As a school board member, I lament that public education is all too partisan.
Democrats and Republicans disagree on teacher salaries and benefits, school prayer, discipline, vouchers for poor students to attend private schools, sex education, arming teachers, gender-neutral bathrooms, and saluting the American flag, among other things.
Yet each party mainly likes charter schools.
A brainchild of reform Democrats like Bill Clinton, charter schools are public schools authorized by public bodies. They cannot impose religion, charge tuition, or discriminate in admission. Yet they are autonomous like private schools, chosen by parents, able to focus on a single mission like Montessori schooling, and often staffed by untenured teachers who principals can hold accountable.
In short, charter schools combine public school equity with private school flexibility and customer service.
Two decades of research finds charter schools excelling on parent satisfaction and graduation rates. Overall results are mixed, but within low-income communities, charters typically show greater test scores gains than traditional public schools counterparts, and far greater success preparing disadvantaged students for college.
This fits with decades of common sense and research, summarized in the late Jeanne Chall’s classic The Academic Achievement Challenge. Chall and a range of other researchers find that, while middle class students do reasonably well in traditional public schools, most low-income students need more structured, teacher-centered learning. In low-income communities, charter schools like KIPP, Achievement First, and Success Schools provide that kind of culturally appropriate pedagogy. That’s why many low-income parents choose charters, and charters tend to locate in high-poverty, inner-city settings.
Further, though advantaged parents like me can move to a better school attendance zone or even run for school board like I did, low-income parents typically lack the money to move, and lack the time and clout to influence public school bureaucracies. If the local public schools are a bad fit, the disadvantaged are out of luck.
For those reasons, while disagreeing on private school vouchers, Democrats like Barack Obama and both Clintons and Republicans like George W. Bush and Donald Trump agree that public charter schools provide new opportunities for low-income parents to find what works for their kids. Each presidential administration increased funding to start charters.
But are charter schools located where needy students most need education alternatives? Washington, D.C.,’s 37,000 low-income children are served by over 120 charter schools, as well as district schools now improving to meet charter competition. In contrast, the 55,000 low-income children in neighboring Montgomery County, Maryland, have not a single charter to choose from.
Are such patterns common?
A new report from the Thomas Fordham Institute, Charter School Deserts: High-Poverty Neighborhoods with Limited Educational Options, offers some tentative answers.
A team of professors led by Miami University’s Andrew Saultz (full disclosure, Andrew is a friend) used geographic information system software to identify contiguous low-income census tracks in all fifty states lacking charter elementary schools, which they dub “charter school deserts.” You can look up findings for your state at Fordham’s website that accompanies the report.

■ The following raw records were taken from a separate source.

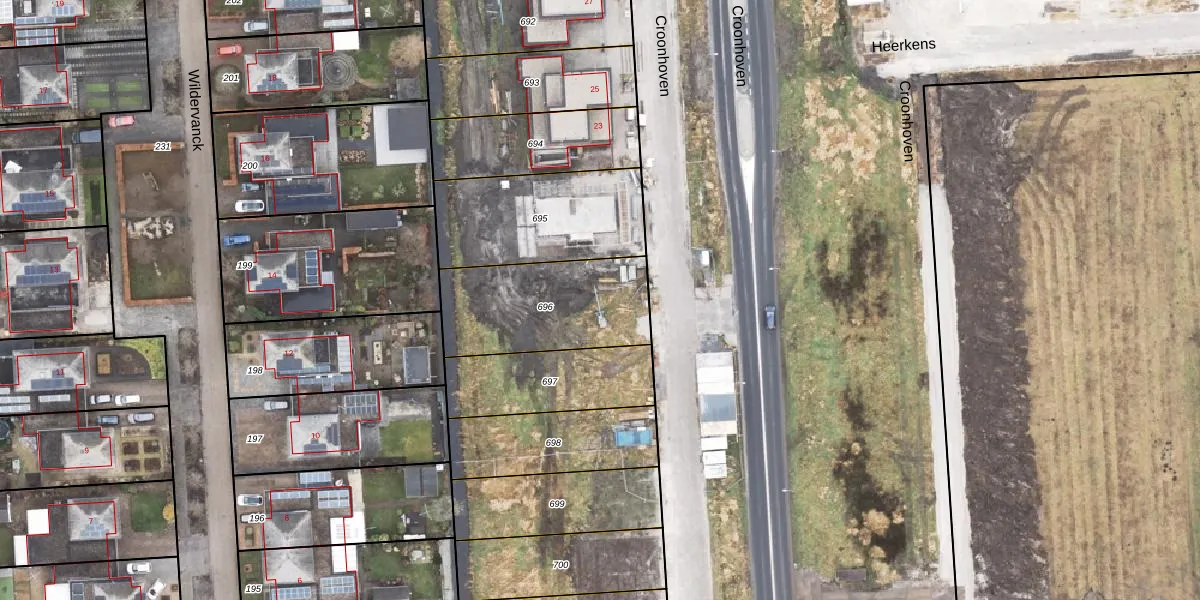 Het perceel waarop Croonhoven 19 staat heeft een oppervlakte van 512 m². Dit is een groot perceel. De perceeloppervlakte wordt geregistreerd door het Kadaster. Gedetailleerde informatie over de maten van dit perceel kunt u vinden in het rapport Kadastrale kaart met maatvoering van Croonhoven 19.
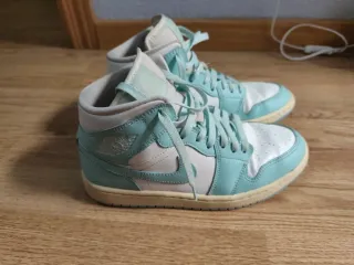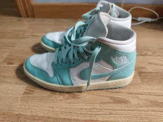 Zapatillas Nike Jordan de media caña. - Color principal verde azulado y blanco. - Cordones a juego. Son originales, su precio fue de 160€. Se las compramos a mi hija y se las habrá puesto 5 veces como máximo
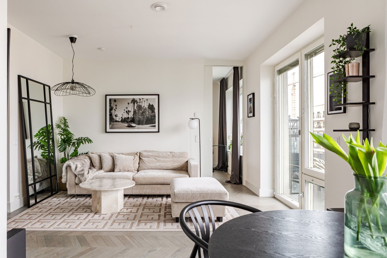 Den öppna planlösningen skapar en luftig och sammanhängande yta där ljuset strömmar in genom de stora fönsterpartierna. Här finns plats för både generösa sällskapsmöbler och kompletterande inredning. Väggarna i mjuk vit ton ger rummet en harmonisk känsla och fungerar som en perfekt bas för olika inredningsstilar. Från vardagsrummet nås också bostadens balkong.

Six states still lack charter schools: high-poverty Kentucky and West Virginia and low-poverty Montana, Vermont, and the Dakotas. Elsewhere, the percentage of high poverty areas without charters ranges from under 5 percent in California to most of Mississippi.
Some cities like Richmond, Virginia, have so few charter schools that virtually the entire metro area is a charter school desert. Others like Cincinnati, Ohio, have dozens of charter elementary schools, but those schools are geographically concentrated so that in practice few students can commute to them. Similarly, tiny Rhode Island has a decent number of charter schools for its size, but very few in high-poverty areas, so in practice half of low-income census tracks lack access to charter schools.
The authors recommend that policymakers and philanthropists focus less on building new charter schools in big cities where others already exist, and more on extending the reach of charters and other forms of school choice (like inter-district choice) into new, underserved high-poverty settings, such as inner-ring suburbs, and even some rural areas. Providing more equitable funding to charters, which typically get far less money than traditional public schools, could also help spread options.
Some high-poverty public school districts—Rogers, Arkansas, come to mind—do so well serving both rich and poor students that few additional options are needed. In general, though, the theme of Charter School Deserts is on target. Low-income Americans are underserved by public education; they need more schooling options for their kids.
When schools compete for parents, parents win—especially low-income parents. Spreading charter schools around can help make that happen.
The views expressed herein represent the opinions of the author and not necessarily the Thomas B. Fordham Institute.